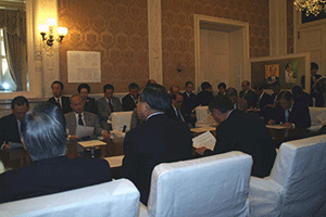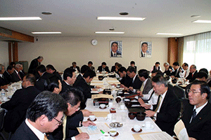 「真の地方財政の確立と地方の活性化をはかる会」の設立総会でした。石田真敏衆議院議員の司会で開会し、野田毅衆議院議員が発起人を代表し挨拶された後、中山成彬衆議院議員が座長となり規約、役員人事、今後の方針などが決定しました。
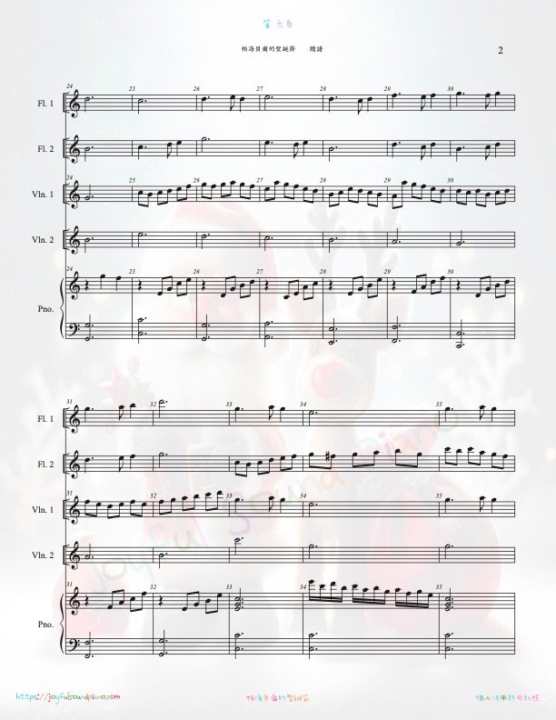 - 分譜:為兩支長笛、兩把小提琴及鋼琴提供獨立樂譜。
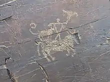 The Saluki's ancestors were historically bred in the Fertile Crescent, where agriculture originated.[1] Images of running dogs with long, narrow bodies adorn pottery found in Susa, southwest Iran that dates back to 6,000 years ago,[24] despite the depictions bearing erect, pointed ears.[25] Dogs looking similar to Salukis are shown on wall carvings of the Sumerian empire (now Iraq), dating from 6,000 to 7,000 BC.[26] The ancient skeletal remains of a dog identified as being of the greyhound/saluki form was excavated at Tell Brak in modern Syria, and dated to approximately 4,000 years before present.[27][28] Dogs that look similar to Salukis and Greyhounds were increasingly depicted on Egyptian tombs from the Middle Kingdom (2134 BC–1785 AD) onward,[7]: 55 however it was during the Eighteenth dynasty of Egypt that Saluki-like dogs rose to prominence,[29] replacing hunting dogs called tesem (thought to be similar to modern pariah dogs[30] or a generic term for a dog) in ancient Egyptian art.[31] The variety spread southward into the Sudan.[32]
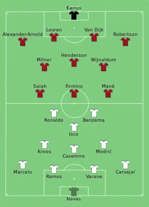 - "Tactical Line-ups – Final – Saturday 26 May 2018" (PDF). UEFA.com. Union of European Football Associations. 26. maj 2018. Hentet 26. maj 2018.
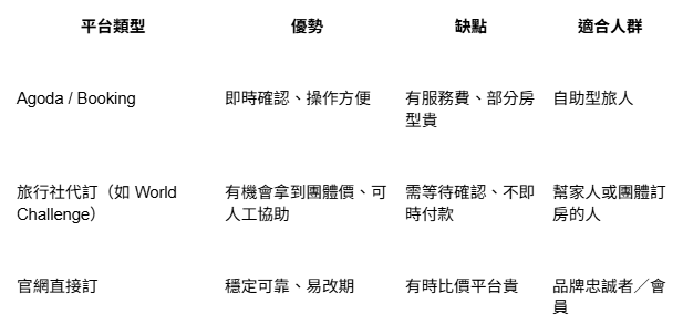 看起來旅行社最便宜,但如果你可能改行程、怕臨時變卦,那這個方案反而不適合。所以一定要先想清楚自己需要什麼,再去比價。
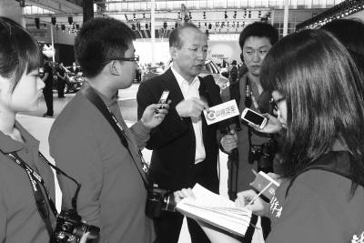 北京车展期间,本报以占领“未来汽车”舆论高地为目标,成功组织了三大活动,分别是注册大学生记者团、未来汽车推选和中国青年未来汽车消费趋势调查。4月23日媒体日当天,30名来自全国各地的大学生记者深入各展台采访,图为长安汽车工程研究总院副院长赵会接受大学生记者的采访。
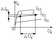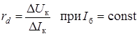 где В – коэффициент передачи тока базы, причем, различают статический коэффициент передачи и дифференциальный; на линейных участках характеристик статический и дифференциальный коэффициенты одинаковы; Iк0 ’ – обратный ток коллектора в схеме с общим эмиттером; rd – дифференциальное сопротивление коллекторного перехода для схемы с общим эмиттером.
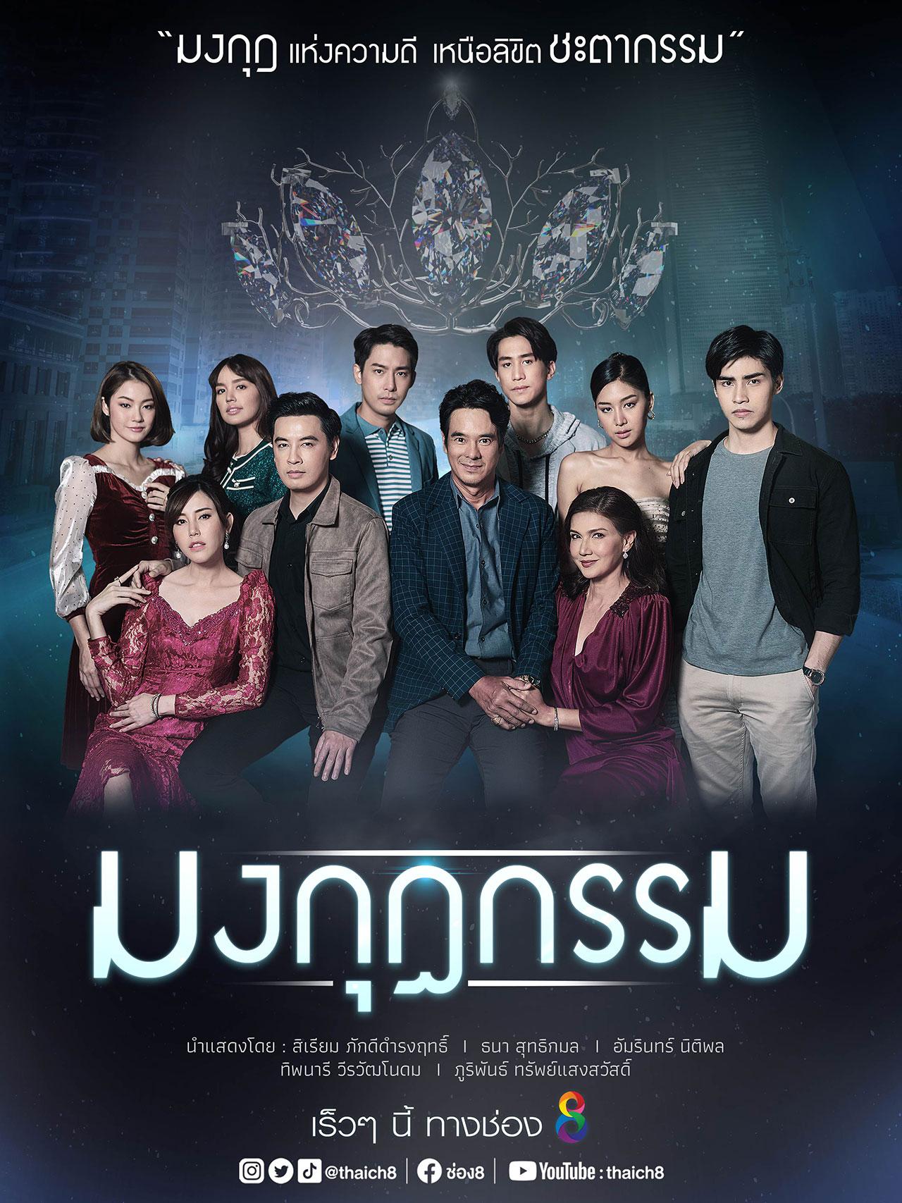 และแล้วก็ถึงคิวของละคร ดราม่าน้ำดีเรื่อ“มงกุฎกรรม” จากบทประพันธ์ดังของ สมหมาย เลิศอุฬาร โดยผลงานของผู้จัดคนเก่ง “เอ๊ะ- อิศริยา” เรื่องราวความดราม่าของผู้หญิงที่ชื่อจันทร์ กับเหตุการณ์ต่างๆ ที่เธอต้องเอาชนะและผ่านมันไปให้ได้ แค่ดีกรีของผู้จัดที่ยืนหนึ่งเรื่องละครดราม่า ก็การันตีแล้วว่าจะออกมาเข้มข้นถึงใจแค่ไหน อีกทั้งเรื่องนี้ยังได้ “แอน-สิเรียม” คืนสังเวียนมารับบทดราม่าสุดรันทดอีกครั้ง ประชันบทบาท กับ “อ่ำ-อัมรินทร์” ที่โคจรมาร่วมงานกันที่หน้าจอช่อง 8 เป็นครั้งแรก เสริมทัพด้วยนักแสดงมาฝีมือ อาทิ ออย-ธนา, ฟิล์ม-ฉัตรดาว, แพร-พิไลรัมภา, ปรัชญ์ อิทธิชัยเจริญ, ป้าจิ๊-อัจฉราพรรณ, จอย-รฤมล ฯลฯ พร้อมกันนี้ยังได้เห็นพระเอกหนุ่มป้ายแดง “ภูมิ-ภูริพันธ์” ขึ้นแท่นพระเอกเต็มตัวเรื่องแรก ประกบคู่กับนางเอกหน้าหวาน “น้ำตาล-ทิพนารี” และอีกทั้งเรื่องนี้ยังได้เห็นสองนิวเจนดวงใหม่ของช่อง 8 อย่างหนุ่ม “ไกด์-กันตพล” และ สาว “ซาร่า-ชัชชญา” มาชิมลางละครเรื่องแรกกับบทบาทรุ่นลูกสุดเข้มข้นประกบนักแสดงมืออาชีพมากมาย ด้วยภาษีของผู้จัดเอ๊ะ ที่ยืนหนึ่งเรื่องละครดราม่า บวกกับการตกปากรับคำของนักแสดงรุ่นใหญ่แอน-สิเรียม ที่กล้ามาเล่นบทบาทสุดหินนี้ ก็การันตีแล้วว่าเรื่องนี้ต้องไม่ธรรมดาแน่นอน เตรียมผ้าซับน้ำตาความ ดราม่า และเฝ้าจอทางช่อง 8 รอไว้ได้เลย
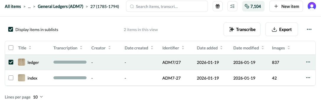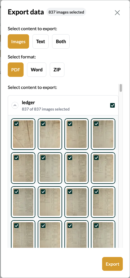 I tried exporting the transcriptions for an entire sublist (containing 837 images). On two different browsers and with many different option permutations (e.g. both images and transcripts or just transcripts; with PDF, Word, or HTML output), I got a 400 error code (see attached screenshot) every time.
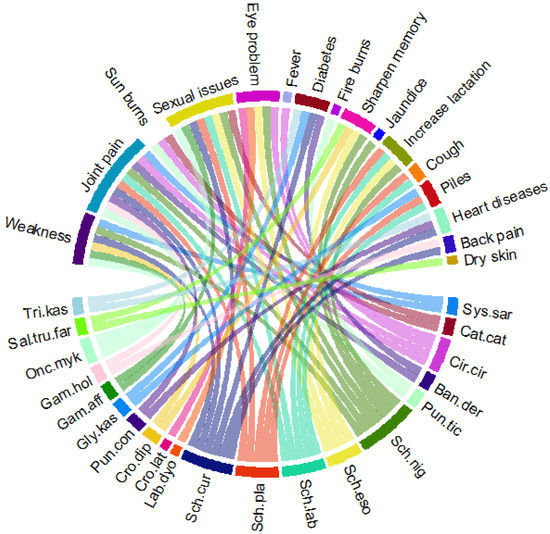 Species distribution for the treatment of specific diseases in the western Himalayan region of Kashmir. Complete names of the species are provided in Table 2.
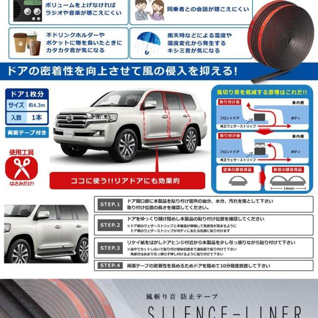 車用 静音ライナー 風切り音 防止 テープ 4.3m ドア リア 簡単 カー用品 外装 パーツ おしゃれ 気密性 車中泊 防止テープ 密着性 ストレス解消 静音 SEIONLINE

:::::

• To do: Could the lines from the top of the material through the line with "- 分譜:為兩支長笛、兩把小提琴及鋼琴提供獨立樂譜。" be repeated exactly, pictures left out?

• Answer space:
 「真の地方財政の確立と地方の活性化をはかる会」の設立総会でした。石田真敏衆議院議員の司会で開会し、野田毅衆議院議員が発起人を代表し挨拶された後、中山成彬衆議院議員が座長となり規約、役員人事、今後の方針などが決定しました。
 - 分譜:為兩支長笛、兩把小提琴及鋼琴提供獨立樂譜。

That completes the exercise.